Kim Clement/USA TODAY
Preseason rotations are not an exact science. Each team and each game has different goals each time they step onto the floor. It is not like any team wants to play its star players 40 minutes per game in an effort to win the whole thing. That is not preparing anyone for the long haul of the season.
Piecing together a preseason rotation takes a recognition of how much to push veteran players and how much to tinker with lineups. It is an extension of practice really, except maybe not as intense as the training camp battles that go on behind closed doors.
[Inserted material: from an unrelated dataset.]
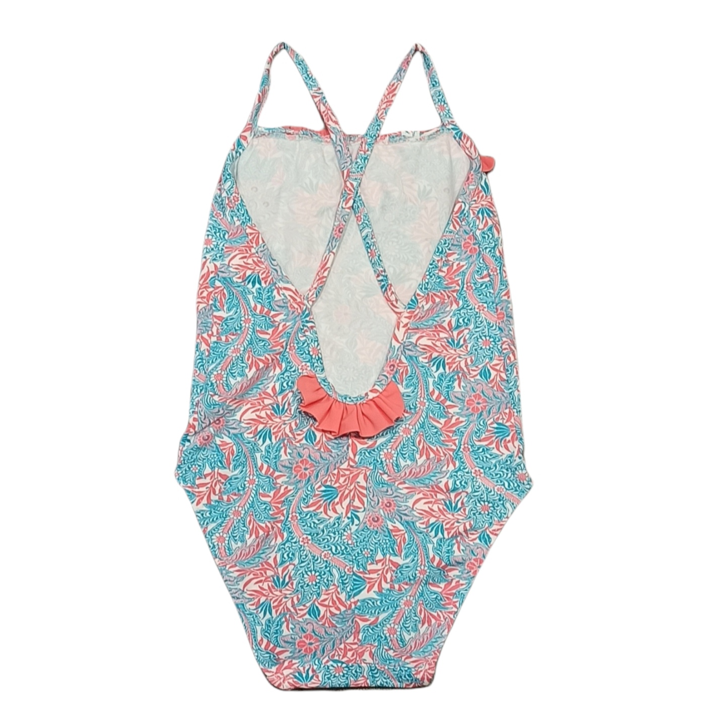 Bañador enterizo de niña modelo Tahití con estampado floral coral y turquesa, detalle de volante y tirantes finos, talla 3 años.

All this time is a time for carving out roles and figuring out what combinations might work when the games begin to count
"I think it's definitely still a feeling out period," Jacque Vaughn said before last week's game against the Cavaliers. "I will treat each year and each team differently. And this year's team needs to get to know each other. We have some added pieces. So that needs to fit.
"And then I think you always get to a point where new roles get established. Maybe a guy has gotten better and his role expands. Maybe that affects another guy who had minutes last year. I think you take each year separately. We're still in the course of defining roles right now."
Vaughn's approach the first two preseason games was rather simple. He used a largely 10-man rotation subbing in and out five players at a time. With the trip to Dallas, Vaughn opted to rest his veteran players — Jameer Nelson, Arron Afflalo and Jason Maxiell. Wednesday's trip to Houston brought a change to the starting lineup with Andrew Nicholson replacing Kyle O'Quinn and Tobias Harris getting the night off (or maybe he had a nagging ankle injury).
Some of the rotations have been somewhat experimental in nature. Tobias Harris has played mostly small forward and off the bench in his three preseason appearances. Victor Oladipo is playing point guard. Kyle O'Quinn is playing a lot of power forward too. Harris has yet to play with the Magic's expected starters, rarely pairing up with Maurice Harkless, Jameer Nelson and Arron Afflalo this season.
Vaughn largely knows what these players can do together. He saw that last year. And with the vast number of permutations of matchups Vaughn has used in training camp, they have likely started playing together. Vaughn said early on in camp that he has not used the same team in any scrimmage and that he has tried to move guys around to break monotony and manipulate matchups.
The new lineups have also allowed players to experiment with their new skills in new combinations. Tobias Harris has made four of his 10 3-point attempts in three games this preseason. It is these moments that can affirm Vaughn's confidence in these new skills.
"I'm not a scientist," Vaughn said. "We will let guys expound their games for sure. I saw Drew work out and shoot threes throughout the course of the summer and put in work and put in work with his coaches and with the national team. He has earned the right to do that. If you have earned the right to dribble the basketball up the floor and take shots that you didn't take last year, obviously you've put in the work. We want guys to continue to get better and continue to push the limits of their game."
Vaughn said he has a set plan for preseason. He knows when he wants to give players days off and when he wants to change up the rotations. Now that we are at the halfway point of the preseason, the Magic's real rotations and lineups should begin to take shape.